Оленька схватилась за голову:
– Не хочу этого слышать! Я надрывалась, чтобы вас прокормить, обуть-одеть, протащить через школу, запихнуть в институт! У меня сил больше не осталось!
Дочь неожиданно успокоилась, утерла слезы:
– Ладно, мама, живи как хочешь. Спасибо за все хорошее. Меня ты больше не увидишь и своего внука или внучку тоже…
…Дочь вернулась во Францию. Оленька, несмотря на разрыв, приготовилась стать бабушкой, породниться с незнакомой арабской семьей, но случилась катастрофа. Еще одна…
Глубокой ночью Оленьку разбудил телефонный звонок от Златы: Оленькина дочь в госпитале, у нее был выкидыш, но ребенка смогли спасти. Злата примчалась в госпиталь, измученная Тася рассказала, что накануне без звонка приехала в Сан-Дени в квартиру к “арапчонку”, открыла своим ключом дверь и увидела трех молодых людей занимающихся сексом. У одного ее любимый сосал член, а другой трахал его в зад. Дочь упала в обморок. Когда пришла в себя, ее избранник объяснил, что эти двое – его боевые товарищи, они вместе воевали против неверных, такие маленькие мужские удовольствия – в традициях солдатского братства, но если Тасю это не устраивает, то ему с ней придется расстаться и о будущем ребенке он заботиться не будет.
Дочь была в шоке. Не могла принять гомосексуальные оргии будущего мужа, отца ее ребенка. С ней случилась истерика, начались схватки, ее доставили в госпиталь…

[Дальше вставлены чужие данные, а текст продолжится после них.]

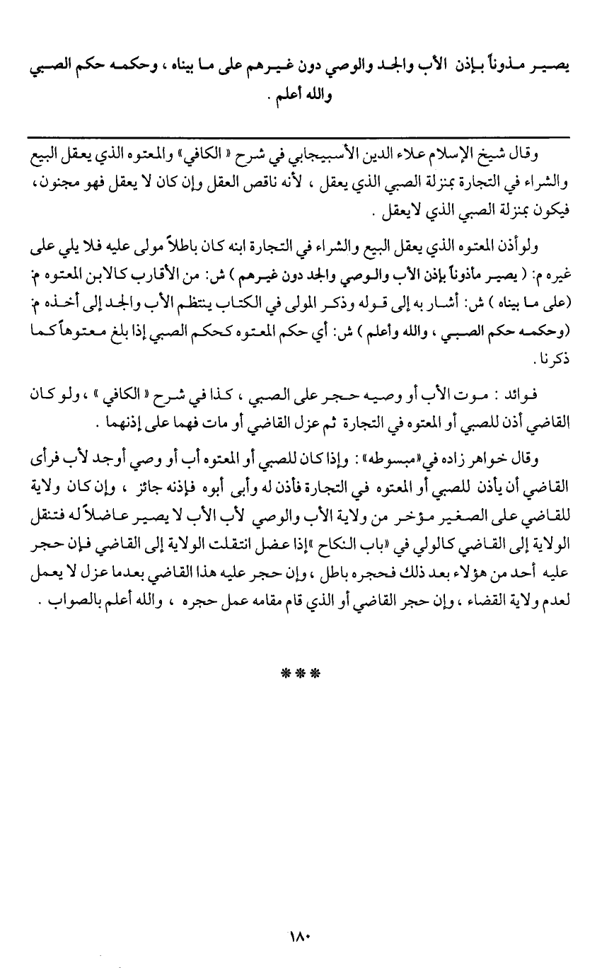 ـــــــــــــــــــــــــــــQوقال شيخ الإسلام علاء الدين الأسبيجابي في شرح " الكافي " والمعتوه الذي يعقل البيع والشراء في التجارة بمنزلة الصبي الذي يعقل؛ لأنه ناقص العقل وإن كان لا يعقل فهو مجنون، فيكون بمنزلة الصبي الذي لا يعقل.

Оленька хотела примчаться в Париж, помочь любимой доченьке пережить эту трагедию, но Злата предупредила, что дочь категорически отказалась от всяких контактов с матерью и от помощи с ее стороны.
Преждевременно родившегося мальчика, Оленькиного внука, врачи долго выхаживали в муниципальном госпитале. Когда через два месяца выписали, дочь сразу отдала его на усыновление богатой бездетной паре и получила в виде компенсации хорошую сумму.